Moscow’s Red Square, with St. Basil’s Cathedral on the left and the Kremlin with the Spassky tower at right.

Moscow’s Red Square, with St. Basil’s Cathedral on the left and the Kremlin with the Spassky tower at right. (Michael Abrams/Stars and Stripes)

WASHINGTON — A U.S. Army staff sergeant who was visiting his girlfriend in Russia was arrested and remains in custody on charges he stole from her, U.S. officials said.

Staff Sgt. Gordon Black, 34, was detained Thursday in Vladivostok, a military and commercial port in the Pacific, and remains in a pre-trial detention facility, Army spokeswoman Cynthia Smith said Tuesday in a statement. Black was assigned to Eighth Army, U.S. Forces Korea at Camp Humphreys in South Korea and was scheduled to move to Fort Cavazos, Texas, Smith said.

Instead, Black traveled to Russia to see his girlfriend, according to Martin Jones, Black’s stepfather.

“We told him to come home and go to his next post,” Jones said. “But we found out he actually went [to Russia]. A week after he got there … he got ahold of us through Facebook. We’re hoping he gets home soon.”

Pentagon spokeswoman Sabrina Singh told reporters Tuesday that the Army has opened an administrative investigation to determine the facts and circumstances surrounding Black’s travel.

“Instead of returning to the continental United States, Black flew from Incheon, Republic of Korea, through China to Vladivostok, Russia, for personal reasons,” Smith said. “Black did not request official clearance, and [the Defense Department] did not authorize his travel to China and Russia. There is no evidence Black intended to remain in Russia after his [permanent change of station] leave period ended.”

His arrest further complicates U.S. relations with Russia, which have grown increasingly tense over the war in Ukraine.

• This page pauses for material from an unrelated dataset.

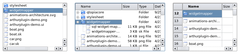 The QListView and QTreeView classes are the most suitable views to use with QFileSystemModel. The example presented below displays the contents of a directory in a tree view next to the same information in a list view. The views share the user's selection so that the selected items are highlighted in both views.
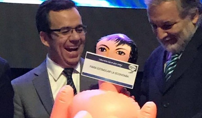La muñeca inflable tenía un mensaje en la boca en el que se leía “para estimular la economía", aludiendo a que la economía “es como las mujeres, hay que estimularlas”.

An official from the Russian Ministry of Interior informed the U.S. Embassy in Moscow on Friday that Black was arrested Thursday for theft of personal property. Smith said there is no further information about Black’s situation at this time.

“[Black] will remain in detention until his next hearing pending determination,” she added.

A Russian court said Tuesday that Black would be held in custody until July 2, according to NBC News, which was the first to report his arrest.

“[Russian President Vladimir] Putin has a long history of holding American citizens hostage. A warning to all Americans — as the State Department has said, it is not safe to travel to Russia,” Rep. Michael McCaul, R-Texas, chairman of the House Foreign Affairs Committee, said in a social post shared Monday on X.

The Russian woman who Black was visiting had lived in South Korea, officials told The Associated Press.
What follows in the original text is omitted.